» Collected material

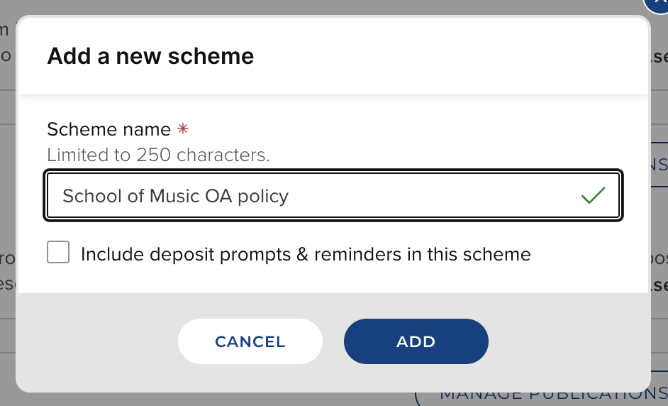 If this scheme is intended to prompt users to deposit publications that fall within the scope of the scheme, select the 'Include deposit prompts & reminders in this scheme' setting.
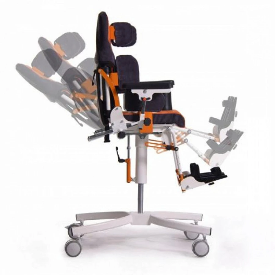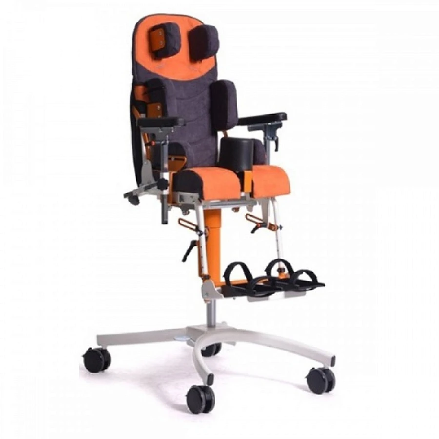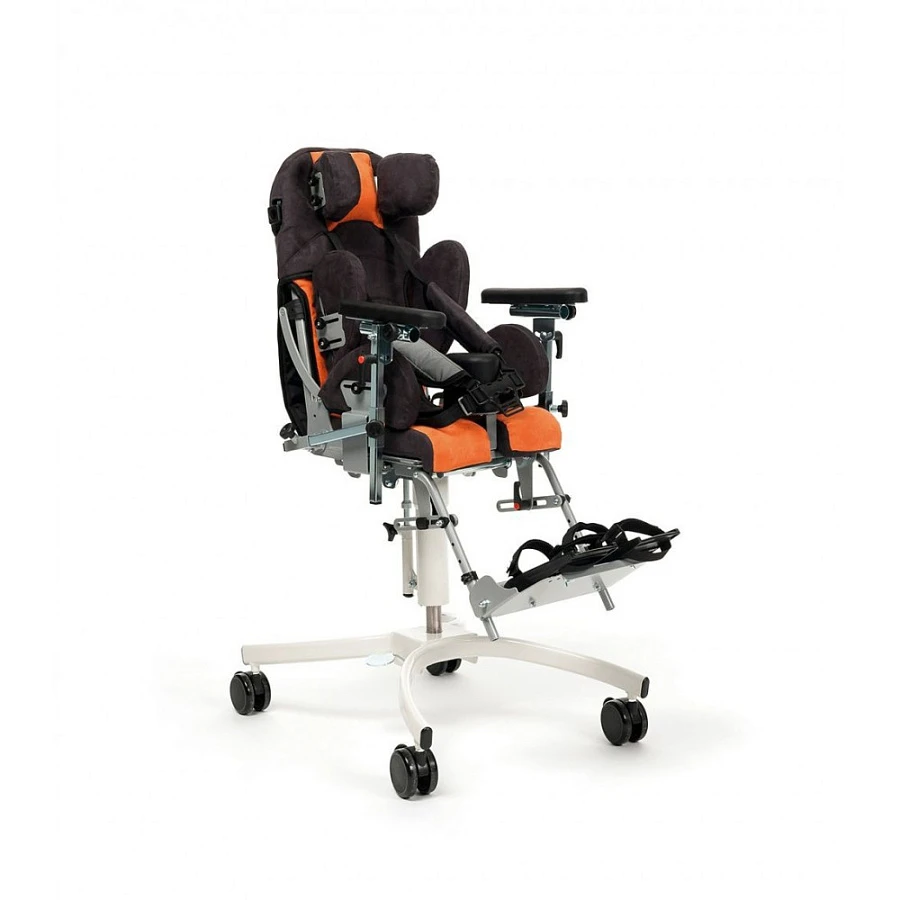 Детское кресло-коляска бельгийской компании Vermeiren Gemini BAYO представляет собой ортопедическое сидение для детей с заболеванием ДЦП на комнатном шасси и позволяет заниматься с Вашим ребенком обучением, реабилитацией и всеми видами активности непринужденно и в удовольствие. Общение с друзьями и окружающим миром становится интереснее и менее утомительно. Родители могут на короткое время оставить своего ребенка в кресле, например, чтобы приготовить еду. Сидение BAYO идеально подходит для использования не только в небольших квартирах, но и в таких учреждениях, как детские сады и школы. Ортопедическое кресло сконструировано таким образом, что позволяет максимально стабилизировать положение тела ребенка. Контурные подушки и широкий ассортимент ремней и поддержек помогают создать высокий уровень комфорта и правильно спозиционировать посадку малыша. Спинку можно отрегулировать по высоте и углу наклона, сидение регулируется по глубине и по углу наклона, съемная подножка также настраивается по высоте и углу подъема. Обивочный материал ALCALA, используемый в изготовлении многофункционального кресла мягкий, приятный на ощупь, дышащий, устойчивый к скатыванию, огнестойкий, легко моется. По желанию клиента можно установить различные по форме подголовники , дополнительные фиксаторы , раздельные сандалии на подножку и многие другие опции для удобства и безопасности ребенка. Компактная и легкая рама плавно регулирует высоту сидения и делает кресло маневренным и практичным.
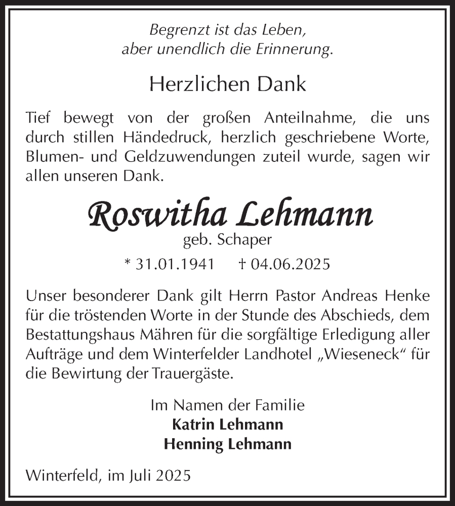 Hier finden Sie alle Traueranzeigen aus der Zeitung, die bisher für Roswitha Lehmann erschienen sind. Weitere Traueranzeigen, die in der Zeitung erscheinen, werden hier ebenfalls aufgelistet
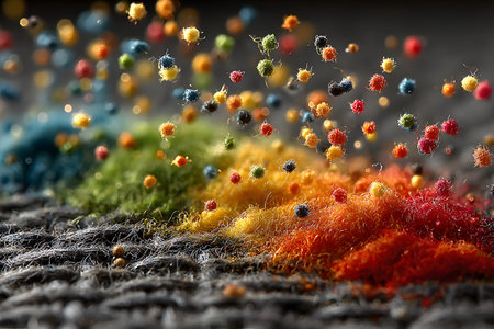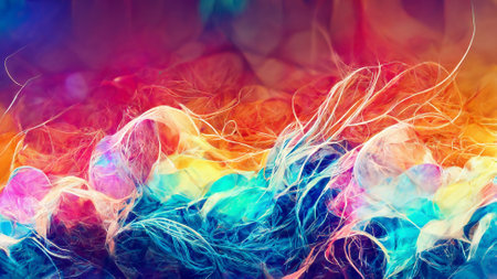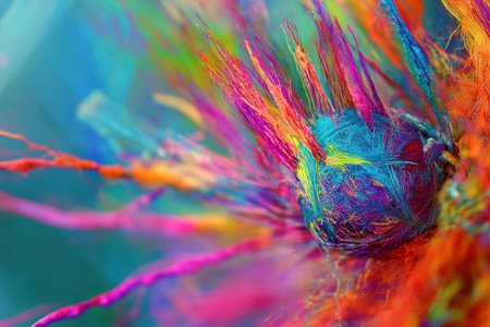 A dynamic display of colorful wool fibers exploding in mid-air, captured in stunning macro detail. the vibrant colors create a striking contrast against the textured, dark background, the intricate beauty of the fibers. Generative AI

» Task brief
Nothing should appear in the answer except the lines from the one containing "Hier finden Sie" through the last line of the listing, given again exactly and with no pictures.

» Result for this task
 Hier finden Sie alle Traueranzeigen aus der Zeitung, die bisher für Roswitha Lehmann erschienen sind. Weitere Traueranzeigen, die in der Zeitung erscheinen, werden hier ebenfalls aufgelistet
 A dynamic display of colorful wool fibers exploding in mid-air, captured in stunning macro detail. the vibrant colors create a striking contrast against the textured, dark background, the intricate beauty of the fibers. Generative AI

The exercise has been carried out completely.